==== DATASET EXTRACT

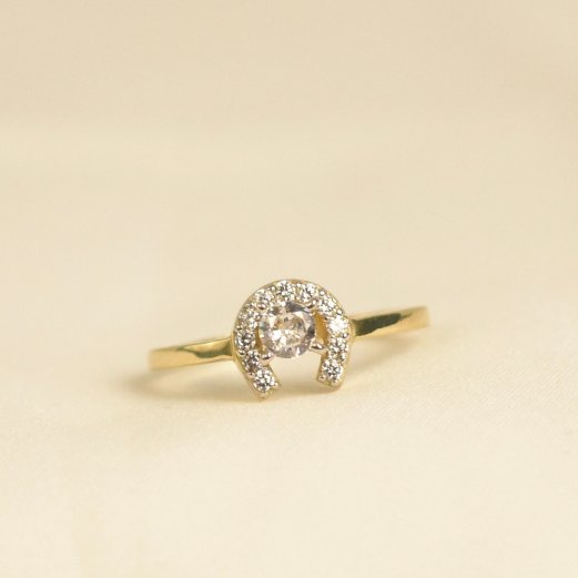 Anillo herradura con zirconias incrustadas oro 10k
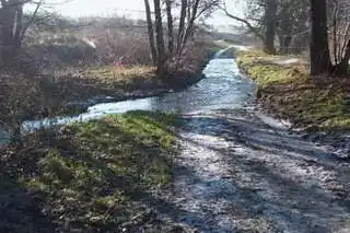 Entlang des Friedhofs führt ihr Lauf zum Gelände der ehemaligen Zuckerfabrik und zur Kläranlage, die sie als Vorflut nutzt. Sie knickt nach Nordwesten zu den zwei früheren Klärteichen westlich der Banslebener Kuckucksmühle ab. Sie sind seit 1997 ein vom NABU gepachtetes Wasservogelreservat.[3]
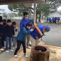 もちつき大会に参加している子供たちも、もちをつきはじめました。

========

▶ [WORK INSTRUCTION] Could you repeat the data exactly, omitting its pictures?

▶ [PROBLEM SOLUTION]
 Anillo herradura con zirconias incrustadas oro 10k
 Entlang des Friedhofs führt ihr Lauf zum Gelände der ehemaligen Zuckerfabrik und zur Kläranlage, die sie als Vorflut nutzt. Sie knickt nach Nordwesten zu den zwei früheren Klärteichen westlich der Banslebener Kuckucksmühle ab. Sie sind seit 1997 ein vom NABU gepachtetes Wasservogelreservat.[3]
 もちつき大会に参加している子供たちも、もちをつきはじめました。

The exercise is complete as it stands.